— TASK DETAILS —
In the entries below, find the line with "As chamas atingiram" and the line with "Armens dragontrumpetare är"; reproduce those two lines and all lines between them exactly, without pictures.

— THE DATA —
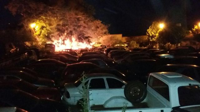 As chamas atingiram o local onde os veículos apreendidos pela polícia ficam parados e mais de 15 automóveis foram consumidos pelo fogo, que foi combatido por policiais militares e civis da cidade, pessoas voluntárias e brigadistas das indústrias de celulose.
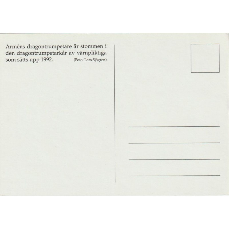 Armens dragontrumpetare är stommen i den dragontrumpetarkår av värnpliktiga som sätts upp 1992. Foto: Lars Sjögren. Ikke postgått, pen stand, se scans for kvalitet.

...

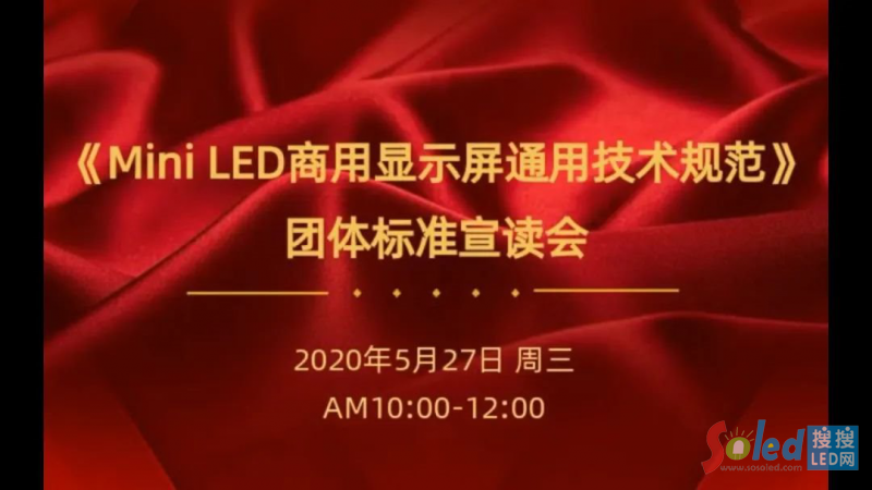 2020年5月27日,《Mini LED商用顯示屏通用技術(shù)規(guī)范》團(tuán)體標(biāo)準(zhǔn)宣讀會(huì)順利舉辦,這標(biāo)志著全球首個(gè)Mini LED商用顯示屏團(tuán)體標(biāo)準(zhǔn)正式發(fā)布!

==

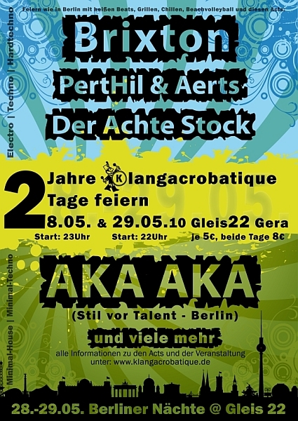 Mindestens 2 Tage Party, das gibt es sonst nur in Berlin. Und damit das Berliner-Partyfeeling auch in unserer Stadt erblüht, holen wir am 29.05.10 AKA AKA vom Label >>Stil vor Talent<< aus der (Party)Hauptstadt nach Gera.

— RESPONSE TO THIS TASK —
 As chamas atingiram o local onde os veículos apreendidos pela polícia ficam parados e mais de 15 automóveis foram consumidos pelo fogo, que foi combatido por policiais militares e civis da cidade, pessoas voluntárias e brigadistas das indústrias de celulose.
 Armens dragontrumpetare är stommen i den dragontrumpetarkår av värnpliktiga som sätts upp 1992. Foto: Lars Sjögren. Ikke postgått, pen stand, se scans for kvalitet.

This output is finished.